→ AIM OF THE TASK: A faithful copy is needed of the lines below from the one with "Description | This" up to and including the one with "As the wire"; set it down with no pictures and no other lines.

→ DATA TO USE:
━━━
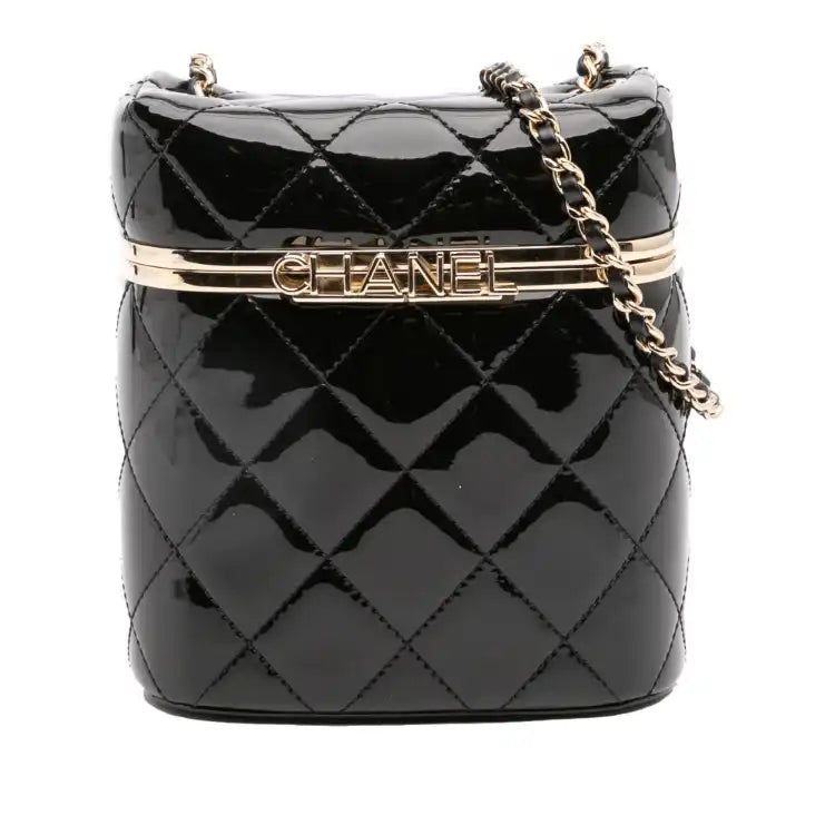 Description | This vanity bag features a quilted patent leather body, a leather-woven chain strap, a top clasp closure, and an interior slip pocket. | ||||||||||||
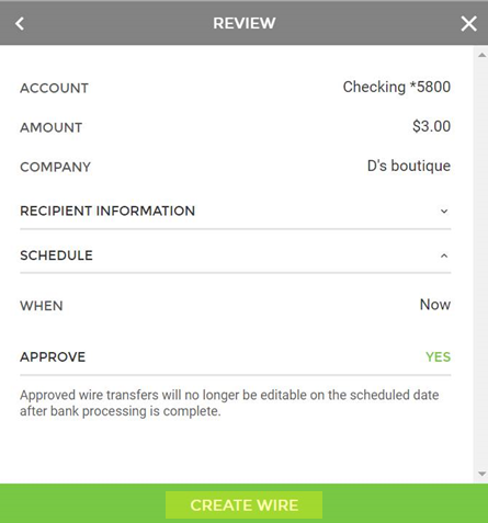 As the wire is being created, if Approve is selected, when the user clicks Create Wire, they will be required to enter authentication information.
━━━
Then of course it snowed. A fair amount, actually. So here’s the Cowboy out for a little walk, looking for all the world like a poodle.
━━━
→ FINISHED EXERCISE:
 Description | This vanity bag features a quilted patent leather body, a leather-woven chain strap, a top clasp closure, and an interior slip pocket. | ||||||||||||
 As the wire is being created, if Approve is selected, when the user clicks Create Wire, they will be required to enter authentication information.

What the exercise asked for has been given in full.